What is new in LLVM 15?

February 27, 2023

5 minute read time.

LLVM 15.0.0 was released on September 6, followed by a series of minor bug-fixing releases. Other than the regular architecture enablement work, Arm contributed several pieces of functionality. This includes support for frame chains in AArch32, SVE whole-loop scalable auto-vectorization and C/C++ operator support for ACLE types. The release also benefits from numerous performance improvements, both for A-profile and M-profile cores.

Architecture and IP support

LLVM 15 expands support for the A-profile architecture with the new Armv8.8-A and Armv9.3-A extensions. The most relevant change from a toolchain point of view is the addition of new instructions to improve the performance and portability of memcpy() and memset(). These can now be accessed through a series of ACLE intrinsics of the form __builtin_arm_mops*(). For more information on the full extensions, refer to the Arm A-Profile Architecture Developments 2021 blog post.

Another addition worth noting is support for the Arm Cortex-M85 processor. This is the highest-performance M-profile CPU to date, and is also the first CPU to allow the PACBTI Security Extension (optional). More info on the Cortex-M85 is available here. You can build for this CPU by adding -mcpu=cortex-m85 to your command line.

Performance improvements

LLVM 15 bundles several performance improvements. One of the main areas of work has been vectorization with SVE.

Tail folding for scalable auto-vectorization

This new feature allows the vectorizer to handle all iterations within a vectorized loop, removing the need for a scalar epilogue loop.

void foo(int* __restrict__ dst, int* __restrict__ src, int N) {
    #pragma nounroll
    for (int i = 0; i < 12; i++) {
        dst[i] = 1000 * src[i];
    }
}

Compile with -O3 -g0 -march=armv9-a.

Before LLVM 15, without tail folding, the compiler would refuse to vectorize:

foo(int*, int*, int): // @foo(int*, int*, int)
    mov x8, xzr
    mov w9, #1000
.LBB0_1: // =>This Inner Loop Header: Depth=1
    ldr w10, [x1, x8]
    mul w10, w10, w9
    str w10, [x0, x8]
    add x8, x8, #4
    cmp x8, #48
    b.ne .LBB0_1
    ret

Because of tail folding, vectorization does not require an epilogue. LLVM estimates the vector version of this loop to be faster than the scalar one, and the loop is successfully vectorized:

foo(int*, int*, int): // @foo(int*, int*, int)
    mov w9, #12
    mov w11, #1000
    mov x8, xzr
    cntw x10
    whilelo p0.s, xzr, x9
    mov z0.s, w11
.LBB0_1: // =>This Inner Loop Header: Depth=1
    ld1w { z1.s }, p0/z, [x1, x8, lsl #2]
    mul z1.s, z1.s, z0.s
    st1w { z1.s }, p0, [x0, x8, lsl #2]
    add x8, x8, x10
    whilelo p0.s, x8, x9
    b.mi .LBB0_1
    ret

The pass is enabled by default only in certain circumstances, such as with known trip counts. Otherwise, it can be enabled with option -mllvm -sve-tail-folding=<option>.

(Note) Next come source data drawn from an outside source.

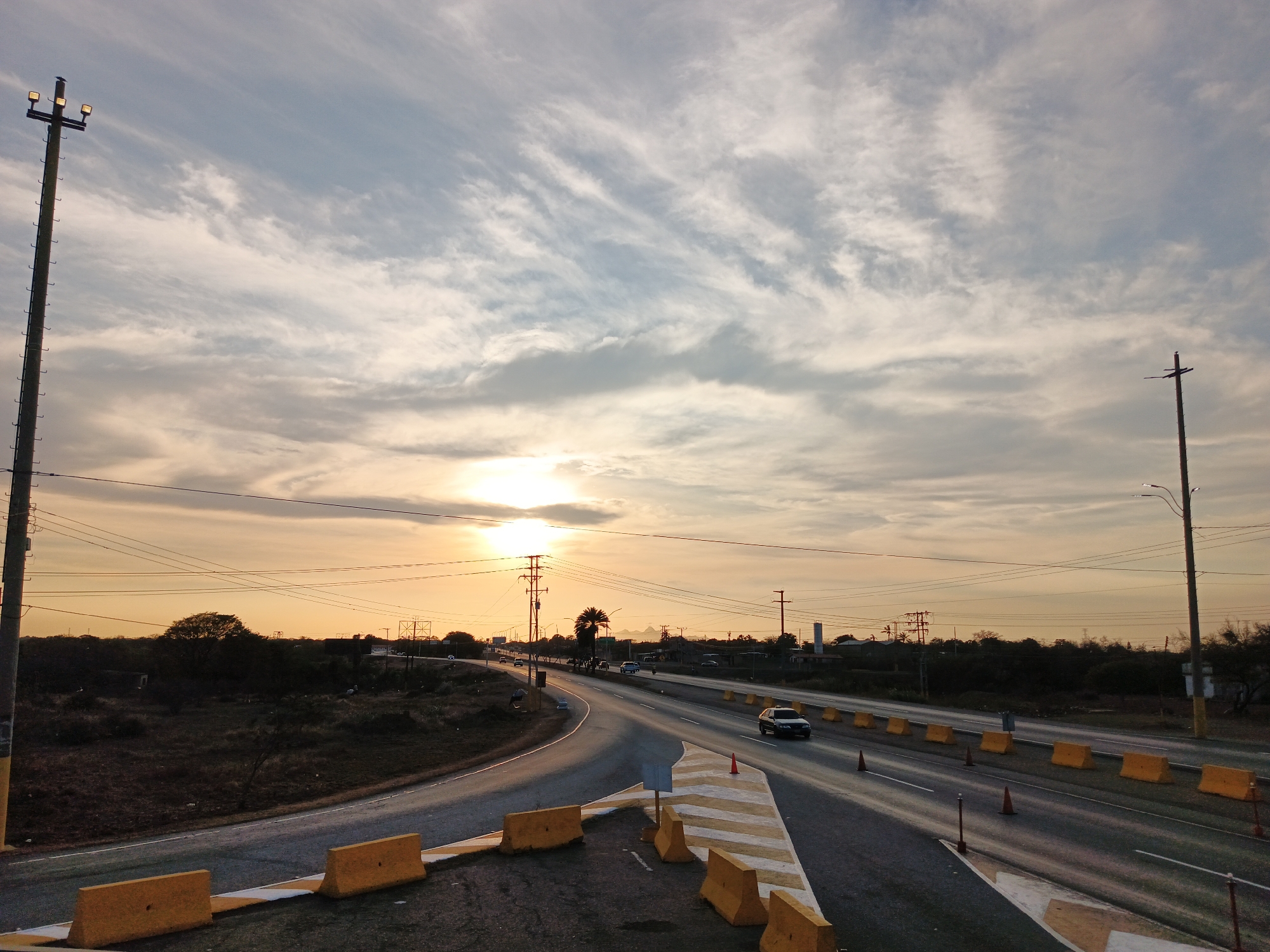 road in what is likely El Dátil, Venezuela, based on the environment. A four-lane road curves to the left. The road is marked with yellow and white barriers. Orange cones are spaced alongside the road. Power lines stretch across the sky above. The sun is setting. There are a few cars on the road. The vegetation looks dry and sparse. There are light poles on both sides of the road.
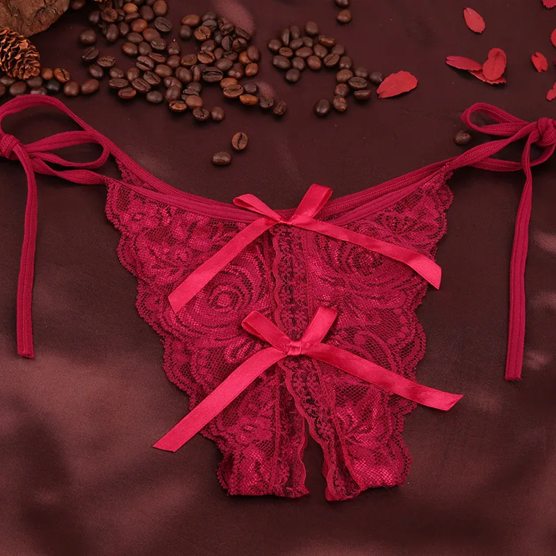 Розовые женские сексуальные кружевные трусики с открытой промежностью, женское нижнее белье с низкой талией, стринги, танга, женские экзотические трусики, интимное белье 064
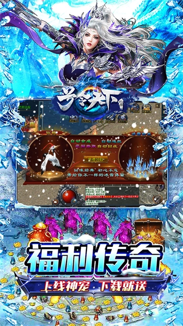 《号令天下2》,一款堪称经典的单职业复古传奇手游。它以复古传奇的风格精心打造,为玩家呈现出一个满是亲切感与回忆的热血传奇世界。游戏内设有经典的冰雪战斗地图,在这里,你不仅能尽情体验打怪升级这一基础玩法,还能与其他真人玩家同台竞技进行PK,一较高下,看看究竟谁的实力更为强大。而且副本挑战同样精彩有趣,不过这需要你与其他玩家携手组队,共同合作。游戏中打怪爆出神装的概率相当高,线上每日福利也十分丰富。还等什么,快来玩一玩《号令天下2》吧!
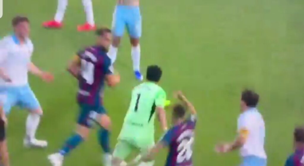 Ya ture dan wasan kungiyar Huesca da suke buga wasa da ita inda aka bashi jan Kati, saidai ya kara zuwa ya mangare wani dan wasan kungiyar.
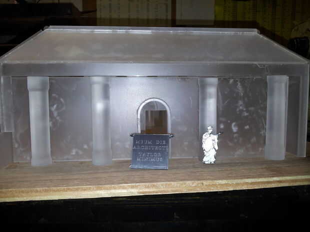 Detalles finales fue una placa y una figura de la escala. La placa dice "Meum Die architecti"
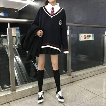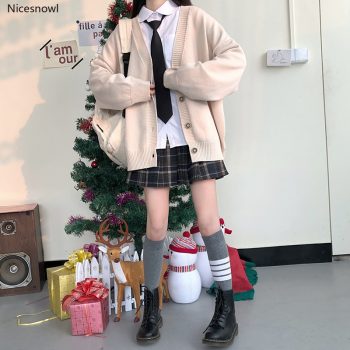 Japanese fashion College jk Loose V-neck Cardigan 2020 New Sweater Female Outer Wear JK Sweater Coat japanese school uniform
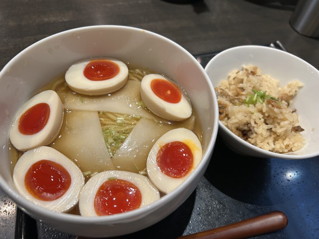 朝ラーで500円とリーズナブルでしたが、味玉が入っているのでトッピングしたのてわ卵まみれです💦
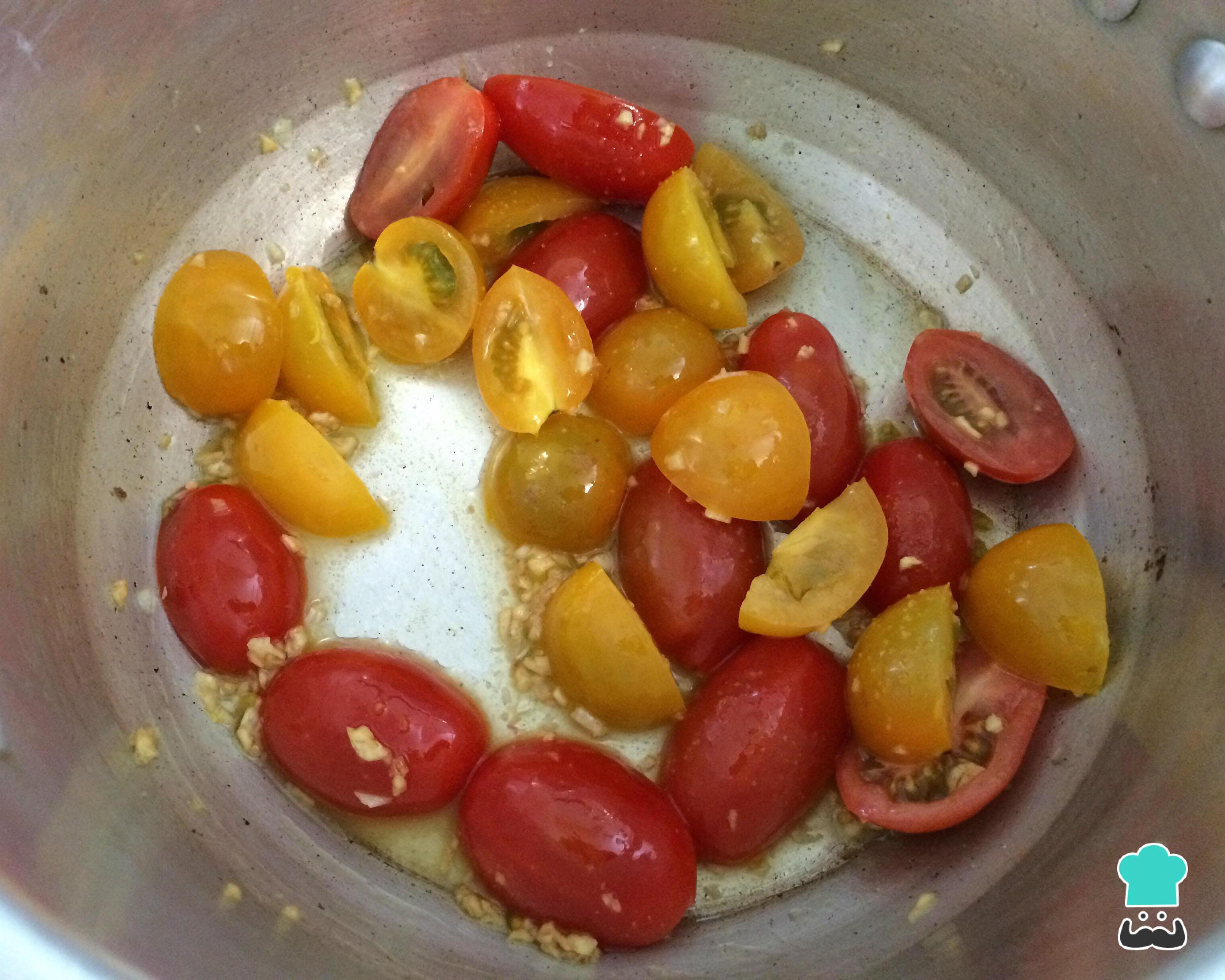 De seguida adicione os tomates cereja cortados pela metade, misture com os alhos e tempere com sal e pimenta. Deixe por mais alguns minutos, até os tomates murcharem levemente.

Store-pair sequence scheduling

Some AArch64 cores like Neoverse N1 can benefit from sequences of 256-byte STP being ordered by ascending order of offsets. This impacts performance of large memsets or any equivalent code with a hot path through a series of STP Qs. In LLVM 15, we added a scheduler to reorder such stores after register allocation for AArch64. For example:

void init_one (char *a) { __builtin_memset (a, 1, 128); }

With the older scheduling, LLVM generated:

init_one:
	movi v0.16b, #1
	stp q0, q0, [x0, #96]
	stp q0, q0, [x0, #64]
	stp q0, q0, [x0, #32]
	stp q0, q0, [x0]
	ret

The improved scheduler now generates:

init_one:
	movi v0.16b, #1
	stp q0, q0, [x0]
	stp q0, q0, [x0, #32]
	stp q0, q0, [x0, #64]
	stp q0, q0, [x0, #96]
	ret

Support for Arm ACLE features and ABI

LLVM 15 brings various new features for Arm users.

AAPCS32 frame chain support

LLVM 15 adds an option for ensuring the generation of AAPCS-compliant frame records in AArch32. Frame records allow applications to easily analyze and traverse the complete call stack starting from a frame pointer.

Without this option, the compiler might choose to use slightly different layouts and registers for the frame chain. In thumb1 mode, for example, using r11 (a high register) as the Frame Pointer can have negative impacts in performance and code size. The compiler chooses to use r7 instead as a default. The new options ensure that the compiled program is compatible with tools and applications that rely on the behavior specified in the AAPCS.

The AAPCS32 standard can be found here. You can turn on AAPCS-compliant frame chains by passing -mframe-chain=aapcs to the compiler.

C/C++ operator support for ACLE vector types

Support for macro __ARM_FEATURE_SVE_VECTOR_OPERATORS has been added to LLVM 15. This macro allows using the GNU vector extensions and length-agnostic vector types such as svint32_t. The language extension is described in more detail as part of the ACLE specification.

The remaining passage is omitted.